**Task:** When you reach the line that holds "- Salida de", start copying exactly and keep going through the final line of the data, leaving out pictures.

[Data excerpts]
---------------

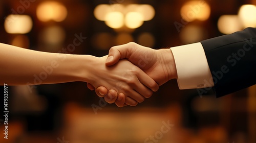 Formal Handshake in Warmly Lit Room, Two people in formal attire shaking hands in a warmly lit room
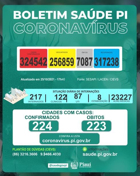 Os casos confirmados no estado somam 324.542 em todos os municípios piauienses. Já os óbitos pelo novo coronavírus chegam a 7.087 e foram registrados em 223 municípios.
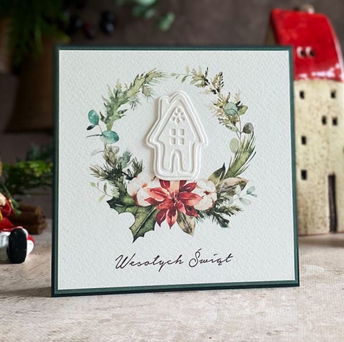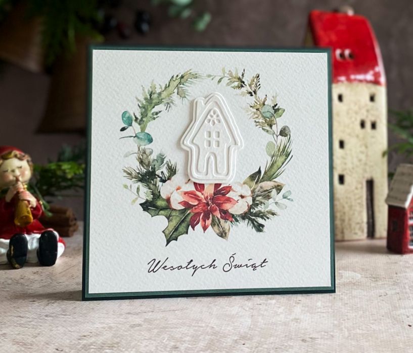 Elegancka i szykowna, ręcznie wykonana kartka bożonarodzeniowa z graficznym świątecznym wiankiem oraz ręcznie wyciętym dekorem.
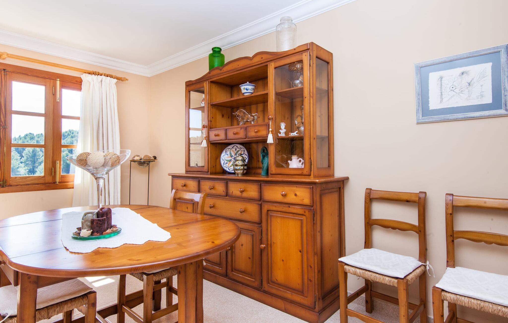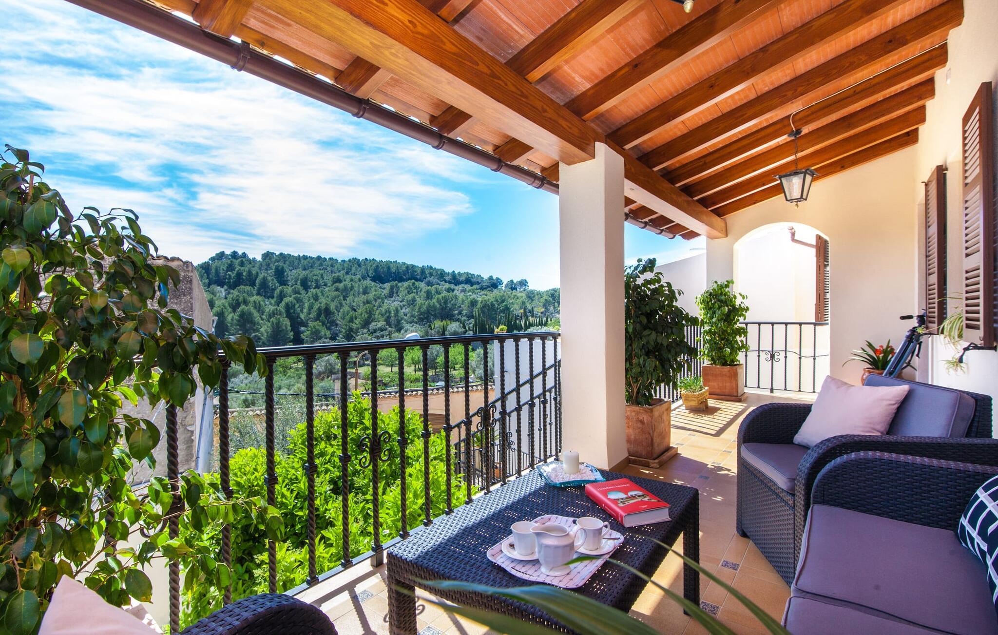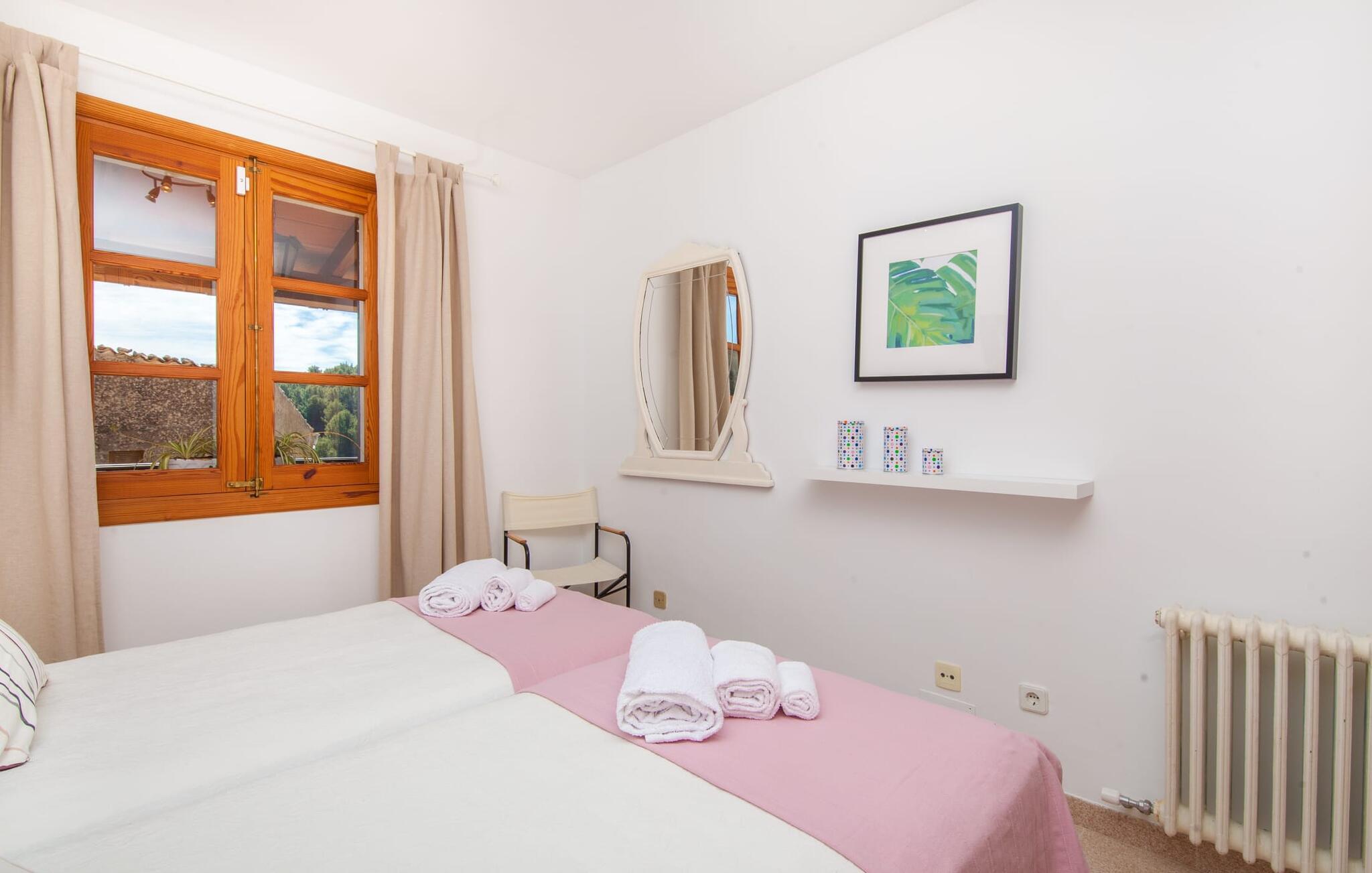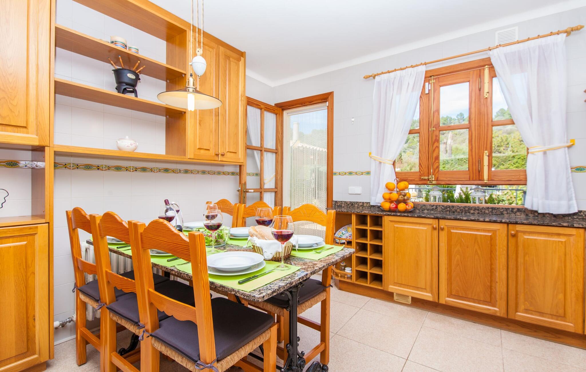 „Ca na Rosa de Selva“ vermittelt im Inneren einen hellen und freundlichen Eindruck mit klassischen, hochwertigen Möbeln. Zahlreiche Fenster lassen das typisch mallorquinische Licht herein, während die wahlweise weißen oder pastell-cremefarbenen Farben an den Wänden zur heimeligen Atmosphäre beitragen. Hier spürt man deutlich die liebevollen Details der Inneneinrichtung. In allen Zimmern hängen verschiedene Kunstwerke von Hand an den Wänden, von filigranen Skizzen bis hin zu Schwarz-Weiß-Fotografien, und die Dekorationsgegenstände wurden sorgfältig und mit viel Gespür für den Stil ausgewählt. Der Wohn- und Essbereich ist offen gestaltet und nur durch eine Glastür getrennt. Im Wohnzimmer finden Sie ein verlockendes Polstersofa mit vielen hübschen Kissen sowie passende Sessel und einen Hocker zum Hochlegen der Füße. Perfekt, um abends einen schönen Film anzusehen oder mit Freunden bei einem Glas Wein und dem Flackern der Kerzen am Deko-Kamin zu plaudern – einfach herrlich! Direkt daneben befindet sich ein Esstisch aus Holz, an dem Sie die kulinarischen Köstlichkeiten genießen können, die in der hochwertigen und geräumigen Küche zubereitet werden. Man kann aber auch in der Küche bleiben, denn hier gibt es auch einen großen Esstisch, und in der Küche fühlen sich die meisten Menschen ohnehin am wohlsten. Einem ausgiebigen Frühstück im Freien steht nichts im Wege: Von der Küche aus haben Sie direkten Zugang zu einer großen, sonnigen Terrasse. Umgeben vom Duft von Rosmarin in hübschen kleinen Terracotta-Töpfen lässt es sich hier nicht nur wunderbar essen – auch ein spannendes Buch in einem der Liegestühle weckt vielleicht die Lust. Alle Schlafzimmer untermauern nur den Gesamteindruck, den Sie von diesem Stadthaus haben: Sie sind nicht nur schön hell und mit herrlichem Blick auf die umliegende Natur, sondern auch sehr sauber, gepflegt und liebevoll gestaltet. Auch die Badezimmer sind nicht weniger beeindruckend: makellos sauber, durch und durch gut eingerichtet, mit großen Fenstern und exquisiter Beleuchtung.
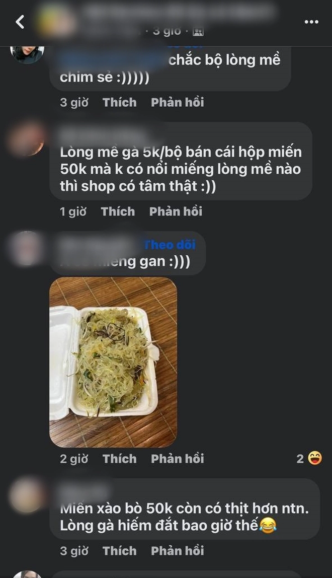 Bên cạnh đó, một số ý kiến từ cư dân mạng cũng không quên nhấn mạnh tới vấn đề về chất lượng đóng gói của suất ăn, với hình ảnh sản phẩm sau khi đóng gói trông rất không bắt mắt, khiến cho khách hàng có phản hồi tiêu cực là điều hoàn toàn dễ hiểu. Họ bày tỏ sự không hài lòng khi mua phần miến xào lòng mề nhưng lại chỉ nhận được phần miến trơ trọi, khách hàng cảm thấy mình bị thiệt thòi trong giao dịch này.
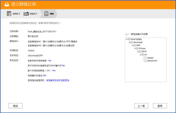 【▼】最後會有個總攬,右邊並顯示路徑的結構圖,單次任務的話,套用即開始執行歸檔動作,排程型任務則是到達時間才動作。
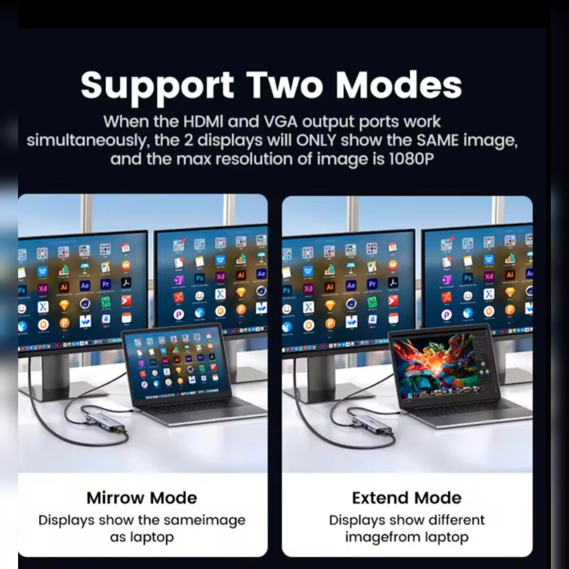 - Salida de video dual: conéctese a pantallas HDMI 4K y VGA 1080P simultáneamente para mejorar la productividad en pantallas más grandes.
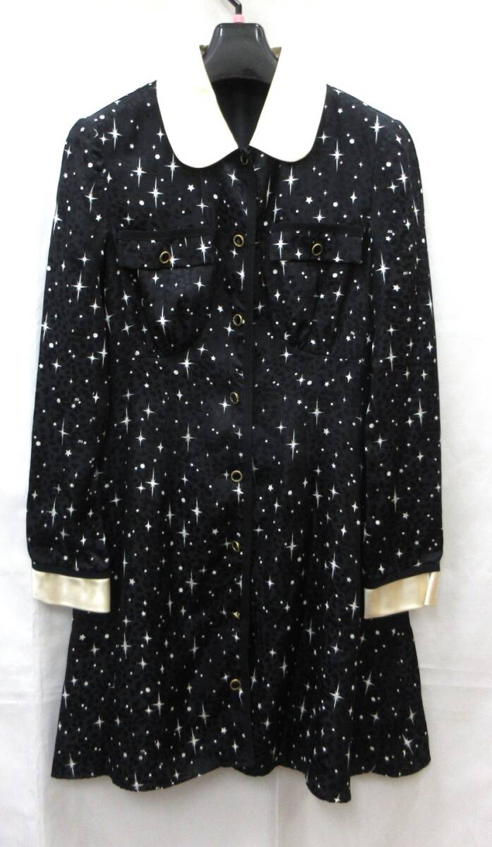 - MIU MIU ミュウミュウ スター柄 シルク 切り替え 長袖 ワンピース 36 ブラック 黒 (110)a
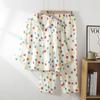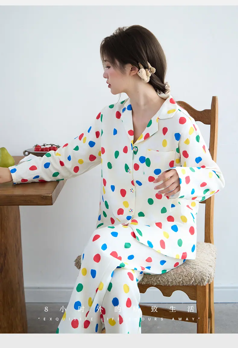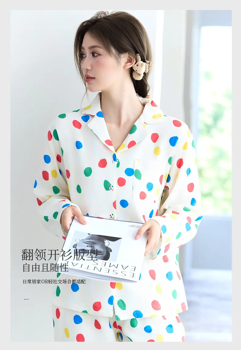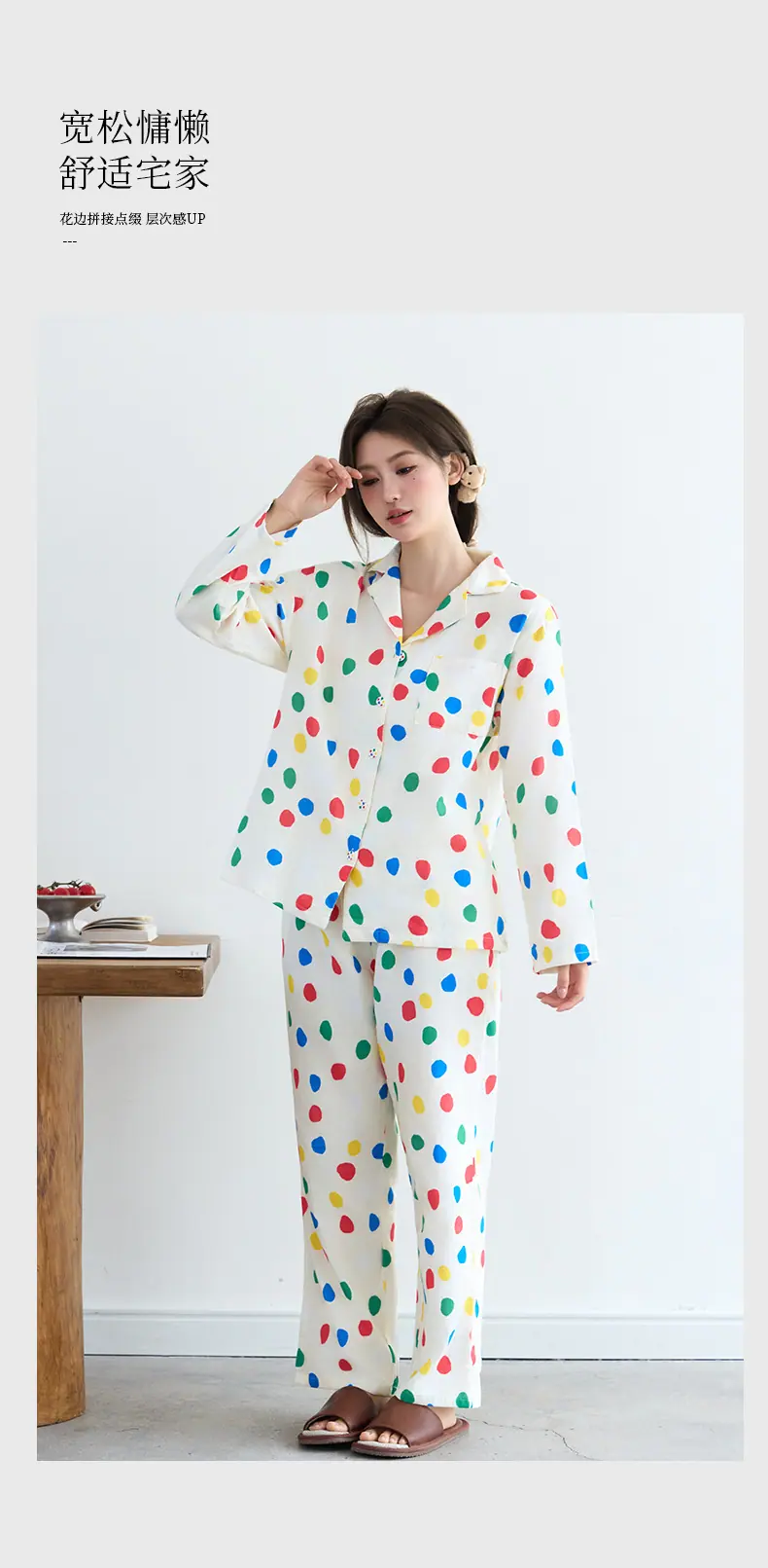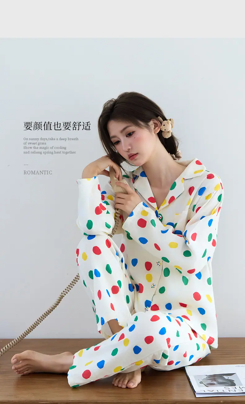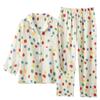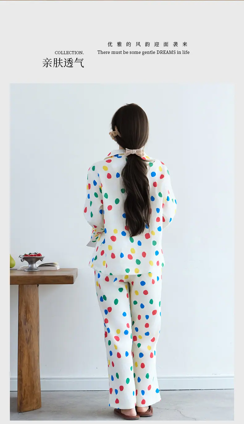 Primavera y Otoño Nuevo Algodón Puro Gasa Doble Capa Pijama para Mujer Estampado de Lunares Ondulados Coloridos Verano Delgado Manga Larga Pantalón Traje Ropa de Casa

---------------

**Solution to this exercise:**
 - Salida de video dual: conéctese a pantallas HDMI 4K y VGA 1080P simultáneamente para mejorar la productividad en pantallas más grandes.
 - MIU MIU ミュウミュウ スター柄 シルク 切り替え 長袖 ワンピース 36 ブラック 黒 (110)a
 Primavera y Otoño Nuevo Algodón Puro Gasa Doble Capa Pijama para Mujer Estampado de Lunares Ondulados Coloridos Verano Delgado Manga Larga Pantalón Traje Ropa de Casa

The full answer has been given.